Il serait tentant de vouloir imaginer de nouveaux interdits religieux qui tiennent compte de l’environnement. Je vous rappelle toutefois que la Tora interdit de rajouter des commandements aux 613 déjà existants.

18h. C’est l’anniversaire de son fils de 6 ans et notre personnage envisage, avant de rentrer, de passer acheter le poisson rouge dont rêve son enfant. Mais ce bon père de famille hésite toutefois : n’est-il pas immoral d’enfermer un poisson dans un petit aquarium ? La Tora n’est-elle pas sensible à la souffrance animale ?

La Tora nous demande d’aider autrui à décharger son âne (Exode 23, 5), pour limiter la souffrance de l’animal une fois sa tâche accomplie. Mais le fait de l’avoir chargé était licite puisque l’animal est au service de l’homme tant qu’on ne le fait pas souffrir inutilement ou de façon abusive. Je signale au passage que, de la même façon qu’il n’y a pas de chapitre consacré à l’interdit de gaspiller dans le Choul’han Aroukh, il n’y a pas non plus de chapitre spécifique consacré à l’interdit de faire souffrir les animaux (tsaar baalé ‘haïm). Le point commun, par ailleurs, de ces deux interdits, c’est qu’ils sont toujours liés aux intérêts humains. Si une souffrance limitée de l’animal constitue un intérêt pour l’homme, la halakha l’autorise. Le Téroumat hadéchen (cité par le Rama) autorise par exemple le fait de plumer les volatiles encore vivants (même si c’est une souffrance pour eux), ce qui est plus facile à faire qu’après l’abattage. Comme c’était l’usage à son époque, ce décisionnaire autorisa le fait de fendre la langue d’un oiseau rare maintenu en cage pour amplifier la beauté de son chant ou de couper la queue d’un chien pour des raisons esthétiques. Quelle est la limite ? Pour le droit juif, ce sont là encore les standards du moment qui font autorité. Ce que les gens ont l’habitude de faire par commodité et par confort est considéré comme un intérêt légitime qui contrebalance l’interdit de faire souffrir un animal. Les rabbins et les gens pieux se sont toujours abstenus de gestes de cruauté envers les animaux, tout en considérant dans bien des cas que leur piété personnelle ne pouvait être érigée en norme halakhique. Il y a une part de subjectivité. Aux États-Unis, rabbi Moché Feinstein avait interdit de consommer du veau considérant que les conditions d’élevage et d’abattage étaient indignes et inacceptables. J’en reviens au poisson rouge : comme c’est une action répandue, elle ne pose aucun problème du point de vue de la halakha.

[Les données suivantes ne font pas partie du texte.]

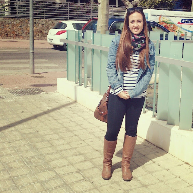Muchas personas son totalmente contrarias a mezclar distintos tipos de estampados o incluso a mezclar negro y marron,yo hoy con este outfit rompo esas reglas,creo que una camiseta marinera fina no queda nada mal con un pañuelo de flores,es mas,me gusta el resultado y que unos leguins negros no se ven mal junto a unas botas y un bolso marron,como no hacia mucho frio he decidido acompañarlo con una chaqueta vaquera y el pelo echado hacia atras con unas gafas de sol,espero que os guste el look,que os parece? Feliz semana!:

20h. C’est l’heure du dîner familial, éclairé d’ampoules LED. Bœuf et légumes sont au menu. Indépendamment des questions liées à la souffrance animale, la consommation de viande bovine implique une forte consommation d’énergie. Notre personnage se demande s’il ne devrait pas réduire sa consommation de viande pour des raisons écologiques. Que lui répondre ? La mode est d’ailleurs à la consommation d’insectes. Certains sont-ils casher ?

Le Talmud (Pessa’him, p. 49b) déclare qu’un ignorant (am haarets) n’a pas le droit de consommer de la viande. Car la Tora ne l’autorise qu’à condition de le faire « en conscience » : on ne peut prendre la vie d’un animal que pour la bonne cause, pour être plus en forme dans son étude de la Tora, par exemple. Manger de la viande est autorisé pour qui le mérite. Un tel acte n’est pas anodin. Ce n’est pas la consommation d’énergie qui intéresse la halakha mais la disparition d’une vie animale qui n’est justifiée que par la noblesse de la vie humaine. On a parfaitement le droit de consommer de la viande, mais il faut être à la hauteur de cette autorisation. 

Quant à la deuxième partie de votre question, la Tora autorise explicitement la consommation de certaines sauterelles (Lévitique, 11, 21). Seuls les Juifs d’origine yéménite ont conservé une tradition leur permettant d’identifier les sauterelles en question. Mais nous avons le droit de nous fier à leur tradition et une sommité rabbinique, le rav Kanievsky, en avait autorisé la consommation il y a quelques années, après une invasion de sauterelles en Israël. Mais rien ne nous oblige, pour vous répondre, à renoncer à la viande pour autant.